The Company has been observing best governance practices and is committed to adhere to the Corporate Governance requirements on an ongoing basis. A separate section on Corporate Governance and a certificate from the Practicing Company Secretary regarding compliance of conditions of Corporate Governance, as stipulated under Clause 49 of the Listing Agreement forms part of this Annual Report.

Further, as required under Clause 49 of the Listing Agreement, a certificate from the Executive Director and Associate Director - Head of Finance & Accounts on the financial statements of your Company for the year ended on March 31, 2015, was placed before the Board at its meeting held on May 09, 2015.
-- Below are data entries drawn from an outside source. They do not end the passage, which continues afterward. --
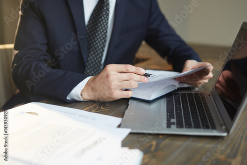Closeup portrait of unrecognizable successful businessman analyzing contract documents at desk with laptop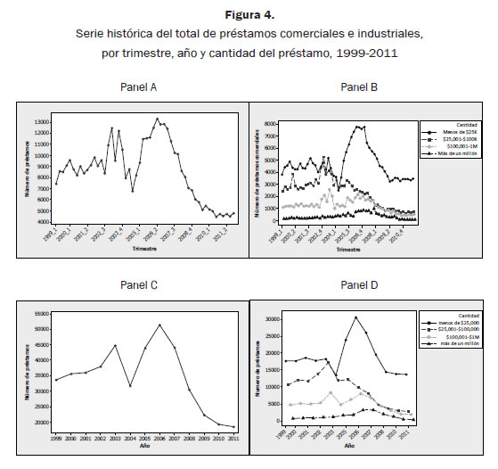 Los paneles B y D demuestran que la mayoría de los préstamos comerciales e industriales otorgados por los bancos en la isla son de menos de 25.000 dólares. Le siguen los préstamos de 25.000 a 100.000 dólares; luego, de 100.000 a 1 millón; y por último, los de más de 1 millón de dólares. La diferencia en el comportamiento de estas cuatro series se va reduciendo con el paso del tiempo. Sin embargo, desde 2005 la brecha entre los préstamos de menos de 25.000 dólares y los de cantidades mayores se amplía (aumenta drásticamente el número de préstamos otorgados de menos de 25.000 dólares, mientras que el número de préstamos de cantidades mayores se reduce); se observa claramente la tendencia de los bancos, en los últimos años, de otorgar con preferencia préstamos comerciales e industriales de menos de 25.000 dólares.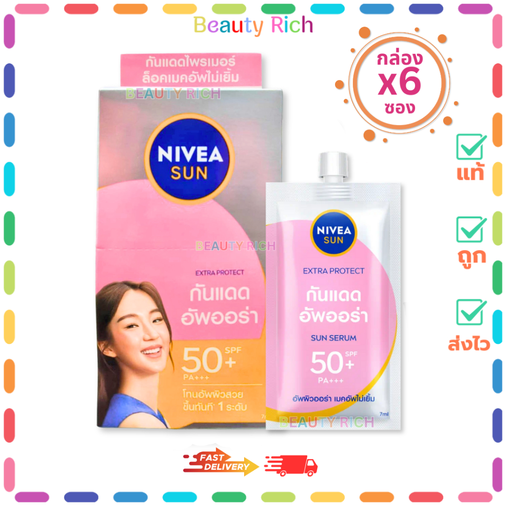 (กล่อง 6 ซอง) Nivea Sun Extra Protect Serum (สีชมพู) เซรั่มกันแดด ผิวหน้าอัพผิวออร่า (7 ml.)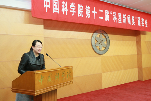 院长、党组书记白春礼为一等奖获得者颁奖并讲话。光明日报社副总编辑、本届“科星奖”评委李春林,科技日报社总编辑、本届“科星奖”评委陈泉涌,中科院副秘书长、宣传工作领导小组副组长潘教峰,中科院办公厅主任、本届“科星奖”评委会副主任李婷等为二、三等奖获得者颁奖。

RELATED PARTY TRANSACTIONS

All contracts /transactions entered by the Company during the year with related parties were on an arm's length basis and were in the ordinary course of business. During the year,

the Company has not entered into any transactions which can be considered material in accordance with the policy of the Company.

The policy dealing with related party transaction as approved by the Board may be accessed on the Company's website at the link: <http://www.cgcl.co.in/images/Downloads/Policy%20> on%20Related%20Party%20Transactions_1.pdf.
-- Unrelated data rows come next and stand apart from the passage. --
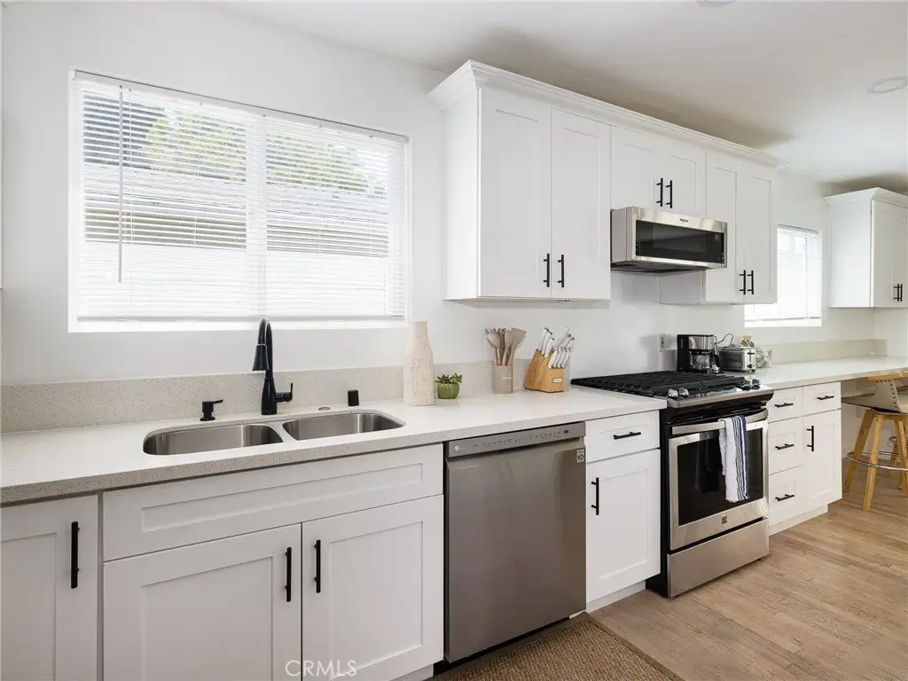 Welcome to 11333 Braddock Dr, a beautifully updated 6-bedroom, 3-bathroom mid-century home in the highly sought-after Blair Hills neighborhood of Culver City. This 2,390 sq. ft. gem, built in 1951, seamlessly blends classic charm with modern upgrades throughout. The open-concept living area is bathed in natural light, featuring gleaming hardwood floors and large windows that capture the surrounding greenery. The updated kitchen is a chef’s dream, with stainless steel appliances, quartz countertops, and ample cabinetry for storage. The spacious primary suite provides a peaceful retreat, while three additional bedrooms offer versatile space for a home office or guest rooms. Recent updates include a new roof, new high-efficiency furnace and AC, tankless water heaters, and energy-efficient windows. The exterior has been thoughtfully upgraded with a new driveway, walkway, and fully irrigated front and back yards—ideal for pets and relaxation. Enjoy the private backyard oasis with a manicured lawn, patio area for al fresco dining, and a hot tub for unwinding. The home also includes a charming unpermitted MILS (mother-in-law suite), with 2 bedrooms and 1 bathroom, that has been brought up to code. Located close to the 405 yet surprisingly quiet, this home offers the perfect blend of comfort, style, and convenience.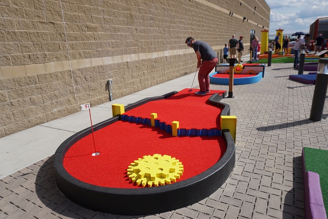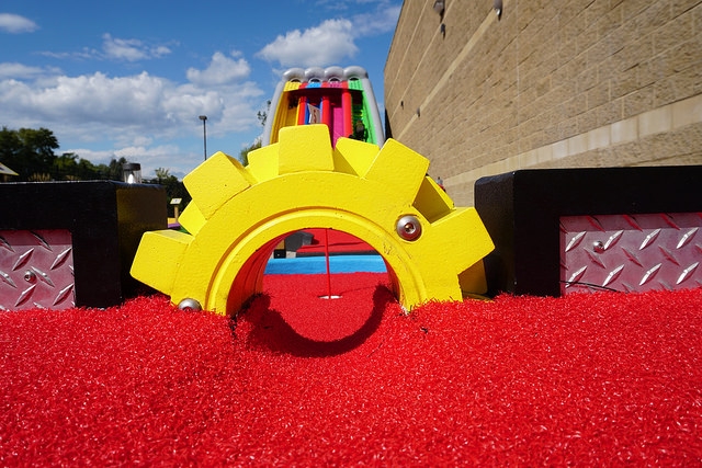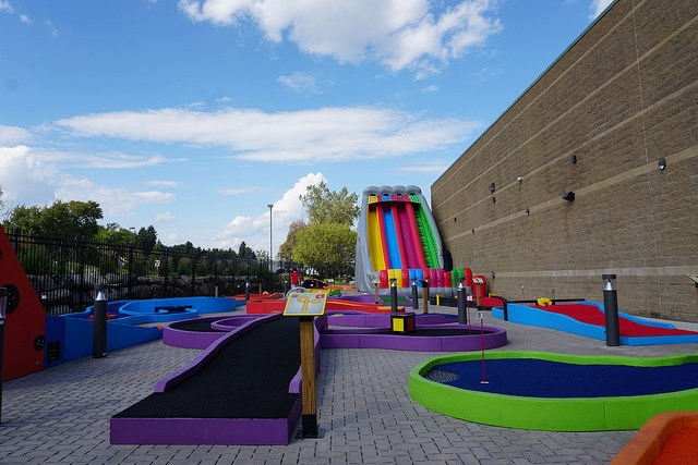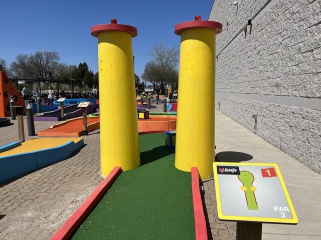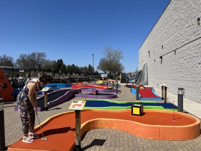 Hole-in-One – The splash of vibrant colors that greet you as you step outside of the building and onto the course puts me in my happy place. I came in expecting the Oakdale location to be an exact replica of the hole-in-one Minnetonka course. But to my surprise, there was a high level of variety between the two locations. Aside from the signature first hole smokestack design, each course has its own custom obstacles and designs. The rollercoaster and roulette holes are similar to two of our favorite holes at Par-King which is a major positive in our books. I strongly recommend playing both Big Thrill Factory miniature golf locations in Minnesota.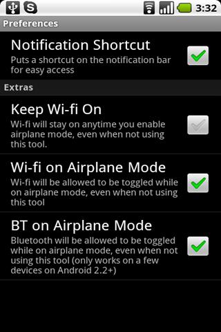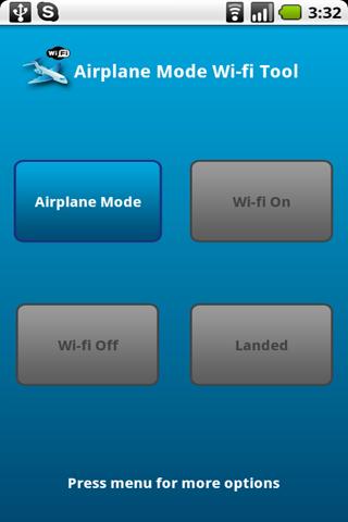 This tool will help you manage your android phone to connect to wifi networks Wireless Internet, or Wifi while on Airplane Mode.Very easy to use, simply press the buttons as they get active.1 Before take off, turn on airplane mode by pressing the quot;Airplane Modequot; button. This will also enable the Wifi On button for later use Your Wifi and bluetooth will also be disabled, for now2 When Wifi is allowd to be used, use the quot;Wifi Onquot; button to turn on wifi, this will also open the wifi settings to connect to the airplane network39;s SSID. Some airlines require you to register or login, so make sure you go into the browser and follow directions before opening any other aplication since they might not work right away.3 When announced that wifi usage should stop, use the quot;Wifi Offquot; button to turn wifi off.4 After landing, use the quot;Landedquot; button to turn airplande mode off. This will turn airplane mode off and reenable your phone usage as normal.This tool works with any version of Android, including 2.0, however, it is only necessary if you have a device with Android 1.51.6. Android 2.0 allows Wifi to be toggled while on AP Mode.Open the preferences and you will find some extras. These extra features will allow you to modify the system so that when you enable airplane mode, wifibluetooth stay on, and, are toggleable.Bluetooth on Airplande Mode only works if your device is on Android 2.2 AND the device manufacturer allows it.This application is free, and if you like it and would like to support me, you can scroll down and click on quot;View more applications by this developerquot;, buy one of my paid apps. Also, this application has a builtin ability to send me donations via PayPal, you are NOT required to do so, but anything is greatly appreciated it and I will take it as a reason to keep supporting this application and trying to get the best out of your phone.

Your Directors would like to draw attention of members to Note 26 to the financial statement which sets out details of related party transactions.

CORPORATE SOCIAL RESPONSIBILITY

The Corporate Social Responsibility Committee (CSR Committee) has formulated and recommended to the Board, a Corporate Social Responsibility Policy (CSR Policy) indicating the activities to be undertaken by the Company, which has been approved by the Board.

The CSR Policy may be accessed on the Company's website at the link: <http://www.cgcl.co.in/images/Downloads/CSR_> Policy_Website.pdf

As part of its initiatives under"Corporate Social Responsibility" (CSR), the Company has undertaken projects in the area of education and vocational training of the unprivileged, women and differently-abled. These projects are in accordance with Schedule VII of the Companies Act, 2013. The Annual Report on CSR activities is annexed herewith marked as Annexure I to this Report.

RISK MANAGEMENT

The Board of Directors of the Company has constituted Risk Management Committee in addition to the Assets Liability Management Committee ('ALCO') which is entrusted with the responsibility to assist the Board in identification and mitigation of risks associated with the business of the Company. The details of the functioning of the Risk Management Committee and ALCO are provided in the Report on Corporate Governance forming part of this Annual Report. The Company follows a proactive risk management policy, aimed at protecting its assets and employees while at the same time ensuring growth and continuity of its business. Regular updates are made available to Board at the Board Meetings and in special cases on ad-hoc basis.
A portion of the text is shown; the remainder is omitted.